Would you copy exactly the lines in the data below from the one that has "This means 94.1%" through the one that has "Valentine's Day celebration", dropping any pictures?

[Listed records Boundary: Start]

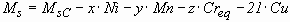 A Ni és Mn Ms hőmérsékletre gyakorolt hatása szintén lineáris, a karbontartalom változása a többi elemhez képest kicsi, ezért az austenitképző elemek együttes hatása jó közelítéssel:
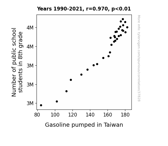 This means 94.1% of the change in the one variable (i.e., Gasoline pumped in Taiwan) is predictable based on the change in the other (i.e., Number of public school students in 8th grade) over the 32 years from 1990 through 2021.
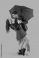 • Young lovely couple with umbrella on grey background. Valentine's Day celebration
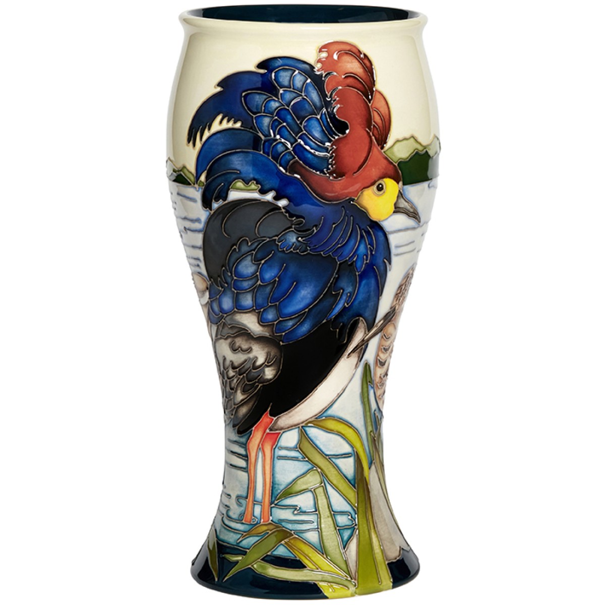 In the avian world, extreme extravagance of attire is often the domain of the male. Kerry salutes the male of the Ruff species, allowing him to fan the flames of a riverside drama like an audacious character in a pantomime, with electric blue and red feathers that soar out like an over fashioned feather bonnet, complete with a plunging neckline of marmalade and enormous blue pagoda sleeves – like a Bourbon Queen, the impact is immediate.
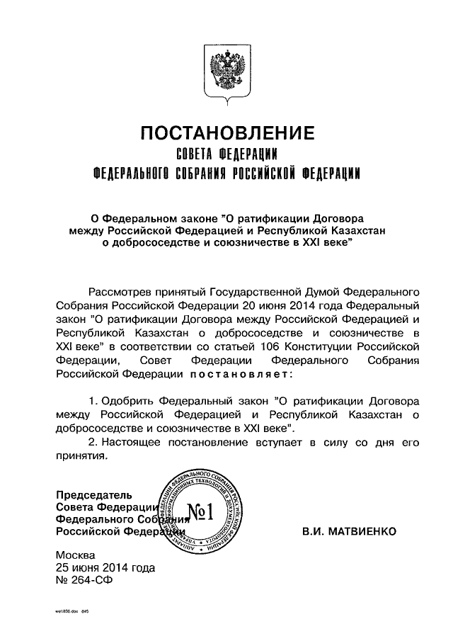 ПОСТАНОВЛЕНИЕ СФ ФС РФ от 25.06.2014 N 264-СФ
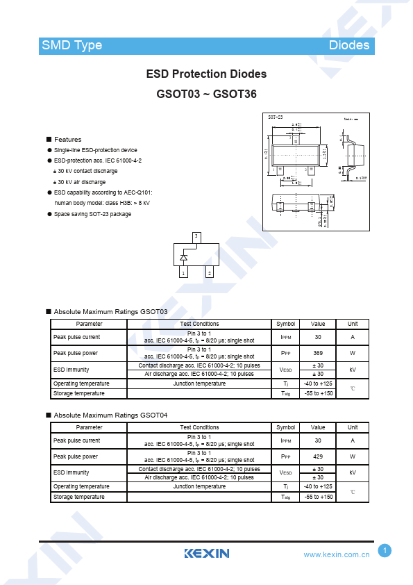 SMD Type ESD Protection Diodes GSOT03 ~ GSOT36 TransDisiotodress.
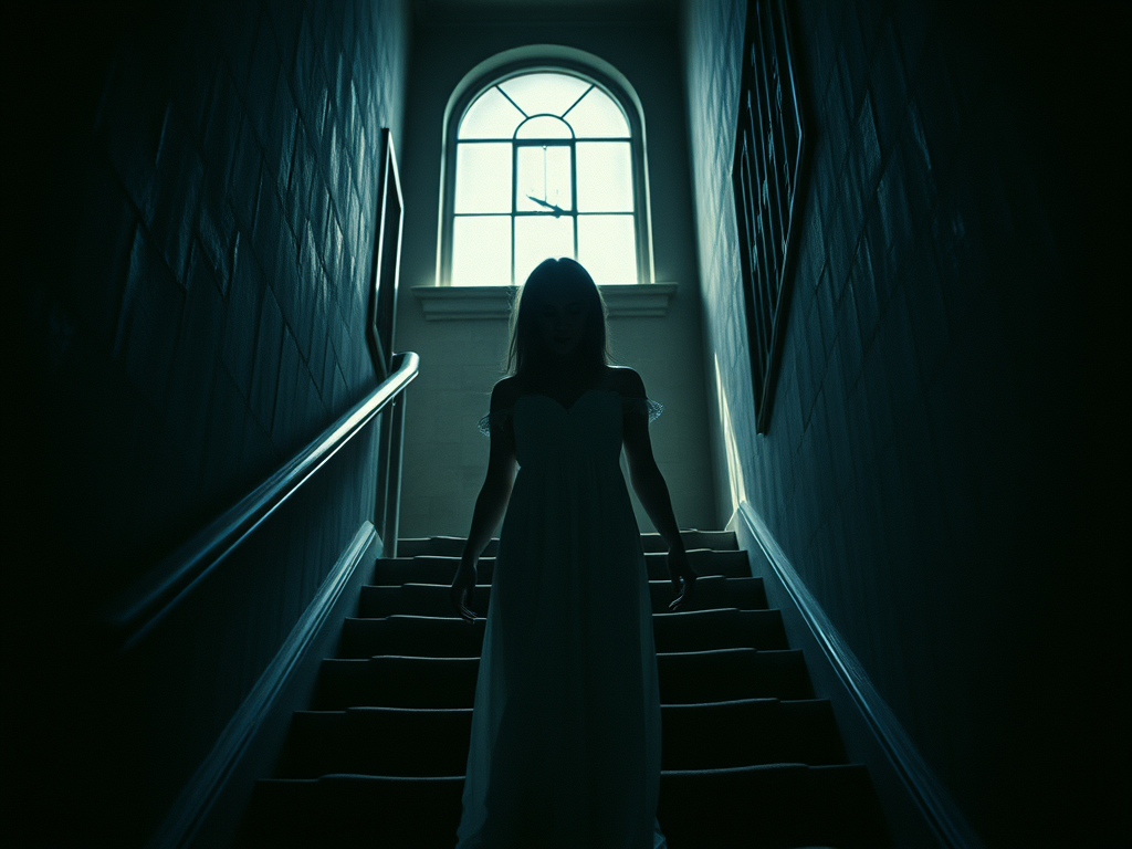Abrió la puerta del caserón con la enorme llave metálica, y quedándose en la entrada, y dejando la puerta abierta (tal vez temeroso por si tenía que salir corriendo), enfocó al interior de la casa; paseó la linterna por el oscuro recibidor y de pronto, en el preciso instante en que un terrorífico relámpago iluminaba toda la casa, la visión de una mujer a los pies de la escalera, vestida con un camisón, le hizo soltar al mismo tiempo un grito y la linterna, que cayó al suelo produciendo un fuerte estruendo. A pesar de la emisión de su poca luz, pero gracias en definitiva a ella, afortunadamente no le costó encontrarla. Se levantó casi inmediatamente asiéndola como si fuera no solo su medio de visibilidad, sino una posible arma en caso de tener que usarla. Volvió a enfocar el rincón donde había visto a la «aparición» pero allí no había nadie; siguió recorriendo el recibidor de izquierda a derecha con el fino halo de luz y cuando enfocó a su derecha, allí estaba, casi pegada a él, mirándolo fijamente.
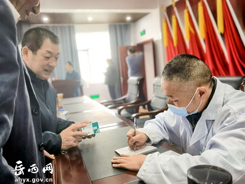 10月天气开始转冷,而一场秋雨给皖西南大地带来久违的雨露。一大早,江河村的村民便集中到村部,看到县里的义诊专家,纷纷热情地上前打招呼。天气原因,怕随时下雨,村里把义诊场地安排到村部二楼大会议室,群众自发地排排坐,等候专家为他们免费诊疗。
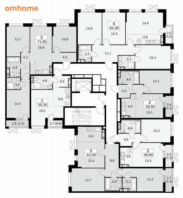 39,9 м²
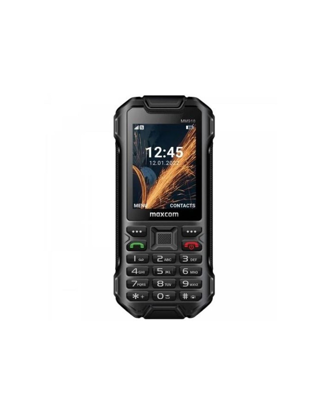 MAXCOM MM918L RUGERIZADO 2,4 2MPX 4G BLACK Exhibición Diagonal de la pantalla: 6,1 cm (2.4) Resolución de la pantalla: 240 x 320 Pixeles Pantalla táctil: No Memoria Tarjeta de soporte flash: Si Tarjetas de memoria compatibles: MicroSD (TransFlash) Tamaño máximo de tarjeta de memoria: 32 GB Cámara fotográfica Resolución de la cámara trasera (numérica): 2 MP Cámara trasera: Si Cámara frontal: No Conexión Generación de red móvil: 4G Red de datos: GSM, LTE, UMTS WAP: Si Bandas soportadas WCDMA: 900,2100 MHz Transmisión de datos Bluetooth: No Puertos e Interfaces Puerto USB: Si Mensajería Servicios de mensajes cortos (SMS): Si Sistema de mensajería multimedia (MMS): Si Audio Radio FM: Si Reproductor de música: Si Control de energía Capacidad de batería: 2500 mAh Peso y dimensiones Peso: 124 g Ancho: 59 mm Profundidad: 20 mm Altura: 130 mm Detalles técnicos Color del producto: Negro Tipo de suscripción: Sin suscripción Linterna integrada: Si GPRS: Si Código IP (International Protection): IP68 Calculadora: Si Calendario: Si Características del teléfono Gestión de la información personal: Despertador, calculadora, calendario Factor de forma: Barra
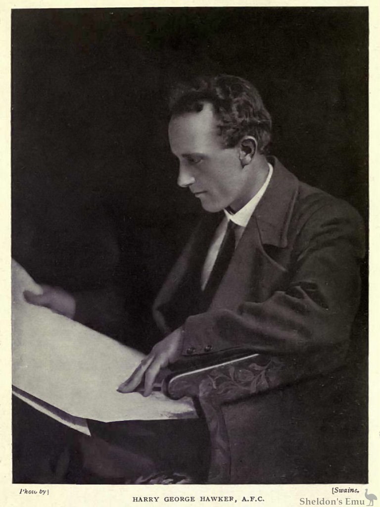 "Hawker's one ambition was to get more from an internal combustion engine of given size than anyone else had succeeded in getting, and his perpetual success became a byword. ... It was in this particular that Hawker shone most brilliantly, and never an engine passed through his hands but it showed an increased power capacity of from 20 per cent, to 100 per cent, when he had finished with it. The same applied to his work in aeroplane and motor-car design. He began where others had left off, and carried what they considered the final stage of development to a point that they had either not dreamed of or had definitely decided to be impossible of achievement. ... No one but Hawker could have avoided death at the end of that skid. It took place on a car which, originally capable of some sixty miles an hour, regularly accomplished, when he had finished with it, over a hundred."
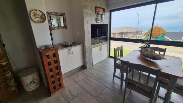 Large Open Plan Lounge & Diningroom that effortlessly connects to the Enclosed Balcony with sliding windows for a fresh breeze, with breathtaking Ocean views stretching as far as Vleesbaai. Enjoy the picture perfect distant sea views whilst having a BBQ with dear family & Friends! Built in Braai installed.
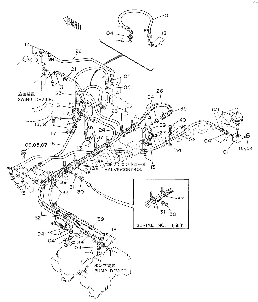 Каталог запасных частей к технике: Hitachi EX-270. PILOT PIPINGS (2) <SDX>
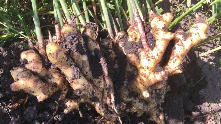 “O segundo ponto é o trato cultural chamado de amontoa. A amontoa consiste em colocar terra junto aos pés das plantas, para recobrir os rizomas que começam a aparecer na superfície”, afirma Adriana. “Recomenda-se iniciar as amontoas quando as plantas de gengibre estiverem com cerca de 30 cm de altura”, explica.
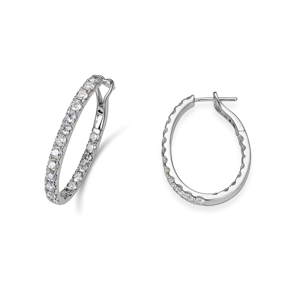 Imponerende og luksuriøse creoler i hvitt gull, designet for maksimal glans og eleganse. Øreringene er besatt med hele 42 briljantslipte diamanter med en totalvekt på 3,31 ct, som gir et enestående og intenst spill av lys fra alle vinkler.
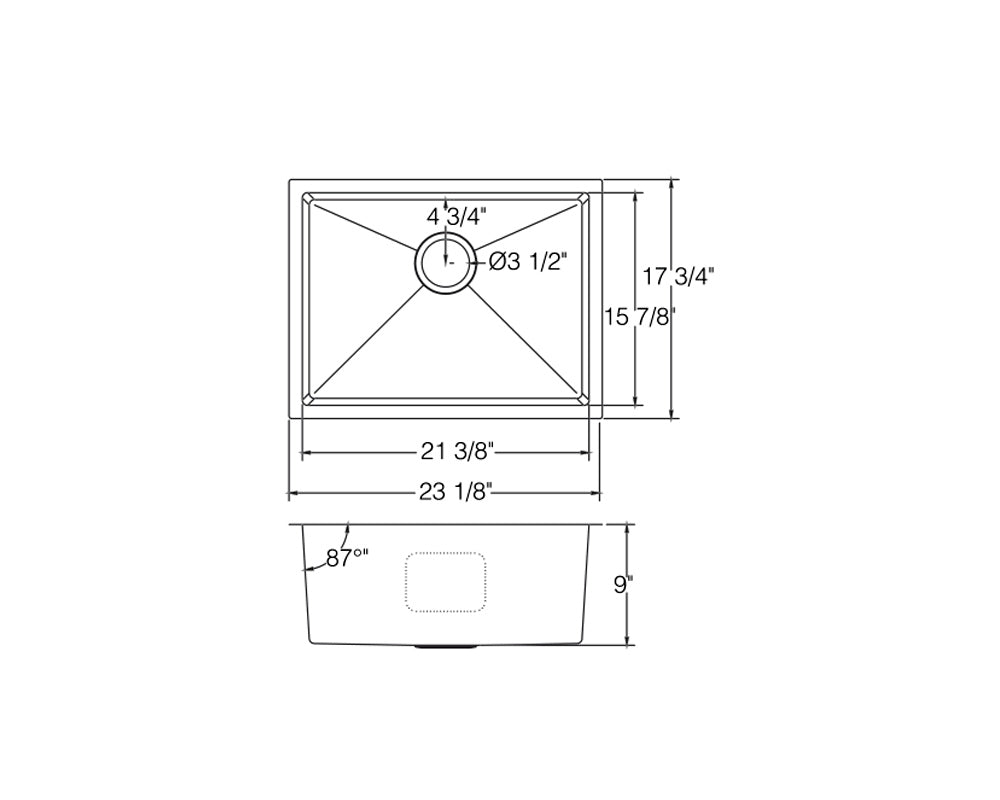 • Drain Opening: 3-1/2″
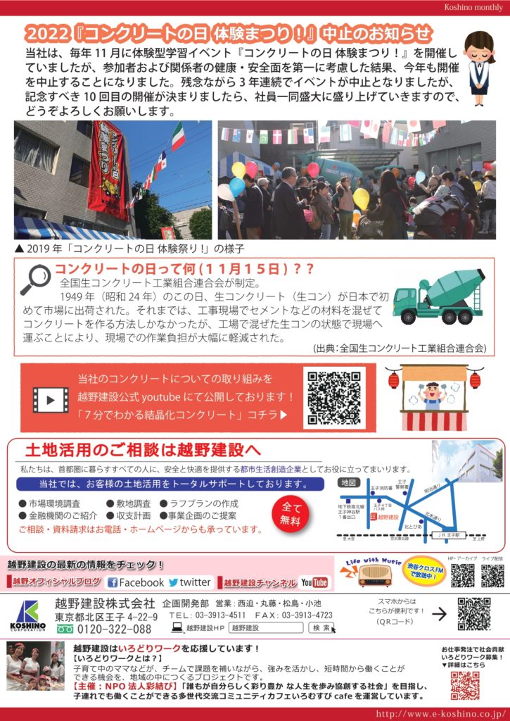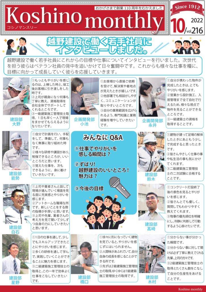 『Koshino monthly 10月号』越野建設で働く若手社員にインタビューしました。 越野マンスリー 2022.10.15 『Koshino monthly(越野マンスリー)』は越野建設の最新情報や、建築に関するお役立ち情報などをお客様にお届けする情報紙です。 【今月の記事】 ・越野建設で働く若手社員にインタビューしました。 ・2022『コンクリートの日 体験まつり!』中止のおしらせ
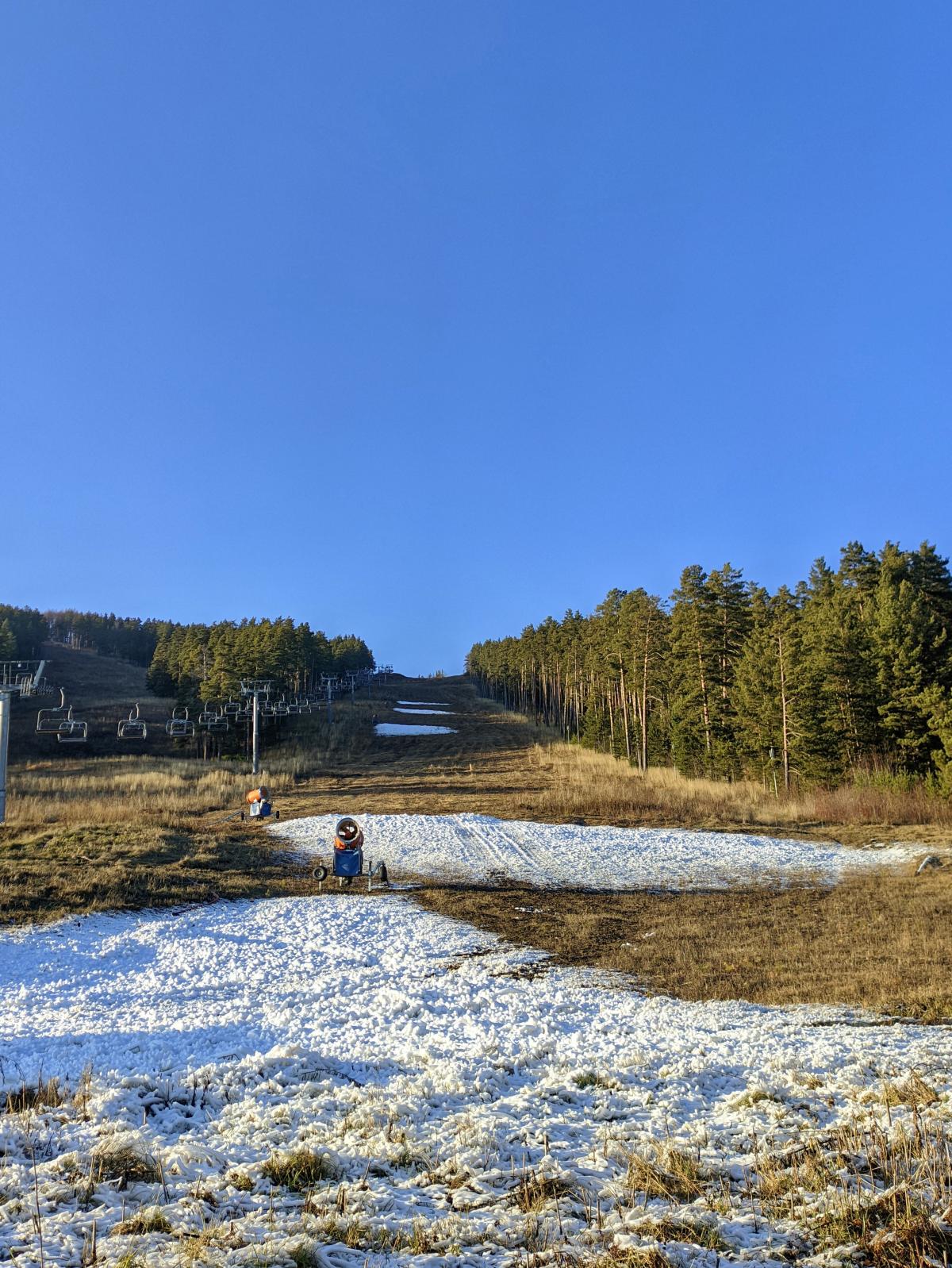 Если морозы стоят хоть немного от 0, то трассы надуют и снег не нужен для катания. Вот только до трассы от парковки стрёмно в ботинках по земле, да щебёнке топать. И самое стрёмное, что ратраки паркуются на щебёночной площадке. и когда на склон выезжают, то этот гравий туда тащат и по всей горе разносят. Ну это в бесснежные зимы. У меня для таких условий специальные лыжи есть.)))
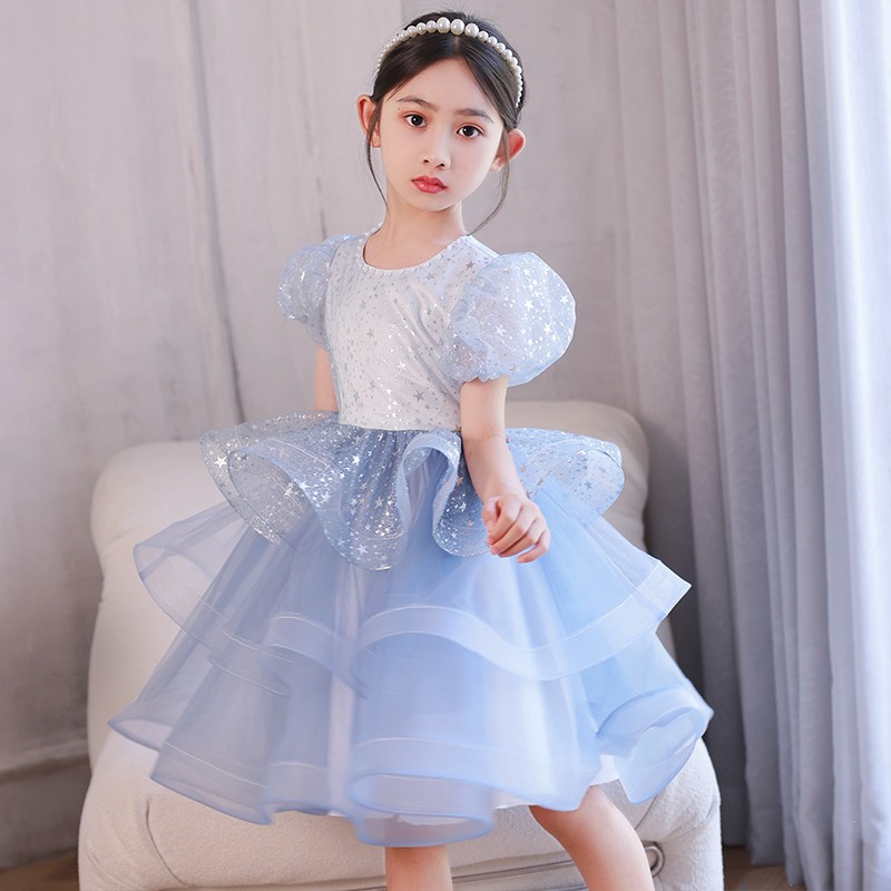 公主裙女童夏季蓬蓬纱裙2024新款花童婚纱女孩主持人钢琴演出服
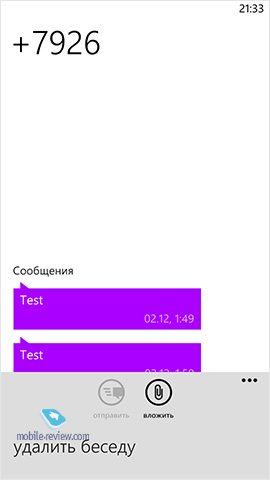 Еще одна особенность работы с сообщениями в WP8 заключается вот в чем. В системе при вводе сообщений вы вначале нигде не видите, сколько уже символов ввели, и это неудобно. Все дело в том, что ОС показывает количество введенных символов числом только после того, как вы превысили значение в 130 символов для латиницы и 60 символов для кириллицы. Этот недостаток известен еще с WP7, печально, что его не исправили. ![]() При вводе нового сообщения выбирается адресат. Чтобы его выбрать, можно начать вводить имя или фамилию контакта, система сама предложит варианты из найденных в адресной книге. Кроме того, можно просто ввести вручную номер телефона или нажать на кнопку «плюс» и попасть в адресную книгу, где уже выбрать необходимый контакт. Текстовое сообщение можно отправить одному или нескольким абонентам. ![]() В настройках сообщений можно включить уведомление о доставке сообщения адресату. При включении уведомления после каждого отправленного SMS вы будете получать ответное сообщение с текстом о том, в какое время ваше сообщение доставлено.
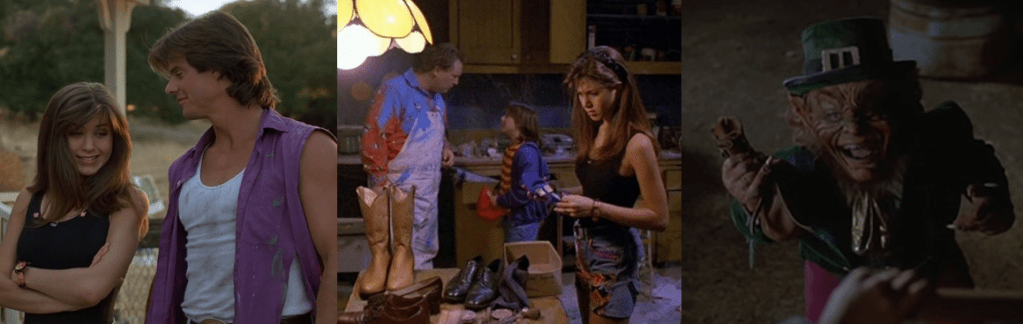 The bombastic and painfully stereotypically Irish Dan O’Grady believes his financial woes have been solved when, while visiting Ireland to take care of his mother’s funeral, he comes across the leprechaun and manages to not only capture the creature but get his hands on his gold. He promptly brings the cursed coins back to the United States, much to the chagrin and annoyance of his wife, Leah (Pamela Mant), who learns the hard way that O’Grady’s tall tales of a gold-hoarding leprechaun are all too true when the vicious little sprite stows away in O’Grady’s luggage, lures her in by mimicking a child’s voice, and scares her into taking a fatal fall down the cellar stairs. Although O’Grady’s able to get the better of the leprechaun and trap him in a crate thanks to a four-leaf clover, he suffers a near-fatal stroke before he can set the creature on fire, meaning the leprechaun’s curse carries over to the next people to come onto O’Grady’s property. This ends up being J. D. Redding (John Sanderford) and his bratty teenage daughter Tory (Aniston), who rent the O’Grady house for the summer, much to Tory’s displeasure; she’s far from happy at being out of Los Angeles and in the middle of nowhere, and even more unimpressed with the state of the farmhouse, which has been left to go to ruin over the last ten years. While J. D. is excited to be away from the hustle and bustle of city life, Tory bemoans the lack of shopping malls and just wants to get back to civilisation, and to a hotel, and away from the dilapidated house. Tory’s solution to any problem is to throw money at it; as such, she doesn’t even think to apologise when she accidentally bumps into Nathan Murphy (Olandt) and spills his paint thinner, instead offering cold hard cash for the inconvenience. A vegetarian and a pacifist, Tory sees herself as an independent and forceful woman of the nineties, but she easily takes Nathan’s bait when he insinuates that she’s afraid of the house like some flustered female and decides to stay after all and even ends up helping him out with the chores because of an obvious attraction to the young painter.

[Listed records Boundary: End]

* [Answer section]:
 This means 94.1% of the change in the one variable (i.e., Gasoline pumped in Taiwan) is predictable based on the change in the other (i.e., Number of public school students in 8th grade) over the 32 years from 1990 through 2021.
 • Young lovely couple with umbrella on grey background. Valentine's Day celebration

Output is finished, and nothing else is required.